**TRY IT:** Among the records below, find the line with "В 2017 году американская" and the line with "Clare We spoke". Set down both and every line between, exactly and with no pictures, but nothing else.

(RECORDED DATA)

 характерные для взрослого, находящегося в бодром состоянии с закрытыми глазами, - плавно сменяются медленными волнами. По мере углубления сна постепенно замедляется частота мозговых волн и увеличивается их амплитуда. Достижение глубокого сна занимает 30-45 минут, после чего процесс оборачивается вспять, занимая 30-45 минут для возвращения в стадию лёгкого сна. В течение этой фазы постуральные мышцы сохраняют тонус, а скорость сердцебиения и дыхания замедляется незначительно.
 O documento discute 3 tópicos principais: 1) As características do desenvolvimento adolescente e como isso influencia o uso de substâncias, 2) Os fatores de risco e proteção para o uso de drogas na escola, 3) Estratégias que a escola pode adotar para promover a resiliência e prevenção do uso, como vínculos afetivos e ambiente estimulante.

(End RECORDED DATA)
(RECORDED DATA)

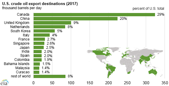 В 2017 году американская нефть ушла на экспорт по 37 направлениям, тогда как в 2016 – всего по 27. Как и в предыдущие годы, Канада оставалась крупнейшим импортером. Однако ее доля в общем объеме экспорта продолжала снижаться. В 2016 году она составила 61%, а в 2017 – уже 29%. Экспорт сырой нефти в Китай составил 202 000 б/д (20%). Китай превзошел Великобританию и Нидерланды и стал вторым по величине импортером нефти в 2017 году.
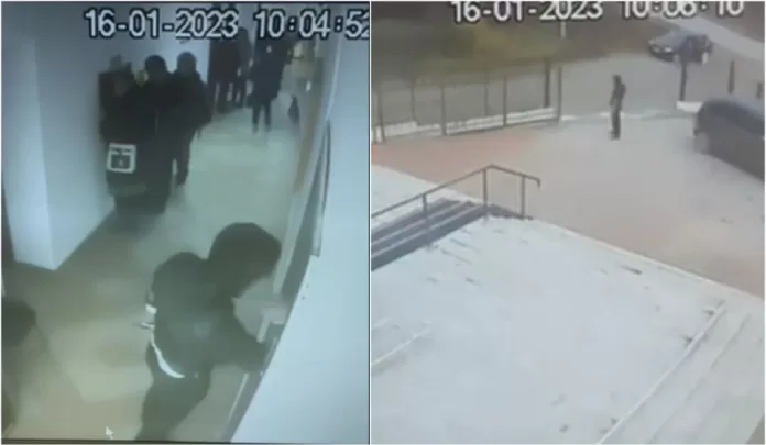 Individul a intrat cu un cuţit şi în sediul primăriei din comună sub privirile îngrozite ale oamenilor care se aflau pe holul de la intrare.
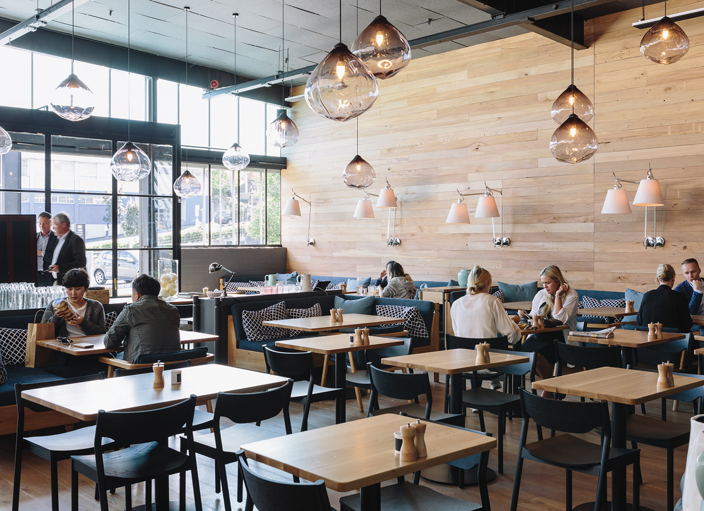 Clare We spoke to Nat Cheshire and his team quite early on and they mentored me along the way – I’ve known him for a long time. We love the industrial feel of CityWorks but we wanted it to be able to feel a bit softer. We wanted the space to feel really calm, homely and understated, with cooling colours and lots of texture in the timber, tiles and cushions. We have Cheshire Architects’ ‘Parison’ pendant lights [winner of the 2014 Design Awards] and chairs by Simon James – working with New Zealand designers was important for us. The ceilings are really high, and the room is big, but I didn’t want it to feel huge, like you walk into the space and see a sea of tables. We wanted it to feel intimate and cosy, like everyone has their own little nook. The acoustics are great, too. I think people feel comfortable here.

(End RECORDED DATA)

**SOLUTION TO THIS PROBLEM:**
 В 2017 году американская нефть ушла на экспорт по 37 направлениям, тогда как в 2016 – всего по 27. Как и в предыдущие годы, Канада оставалась крупнейшим импортером. Однако ее доля в общем объеме экспорта продолжала снижаться. В 2016 году она составила 61%, а в 2017 – уже 29%. Экспорт сырой нефти в Китай составил 202 000 б/д (20%). Китай превзошел Великобританию и Нидерланды и стал вторым по величине импортером нефти в 2017 году.
 Individul a intrat cu un cuţit şi în sediul primăriei din comună sub privirile îngrozite ale oamenilor care se aflau pe holul de la intrare.
 Clare We spoke to Nat Cheshire and his team quite early on and they mentored me along the way – I’ve known him for a long time. We love the industrial feel of CityWorks but we wanted it to be able to feel a bit softer. We wanted the space to feel really calm, homely and understated, with cooling colours and lots of texture in the timber, tiles and cushions. We have Cheshire Architects’ ‘Parison’ pendant lights [winner of the 2014 Design Awards] and chairs by Simon James – working with New Zealand designers was important for us. The ceilings are really high, and the room is big, but I didn’t want it to feel huge, like you walk into the space and see a sea of tables. We wanted it to feel intimate and cosy, like everyone has their own little nook. The acoustics are great, too. I think people feel comfortable here.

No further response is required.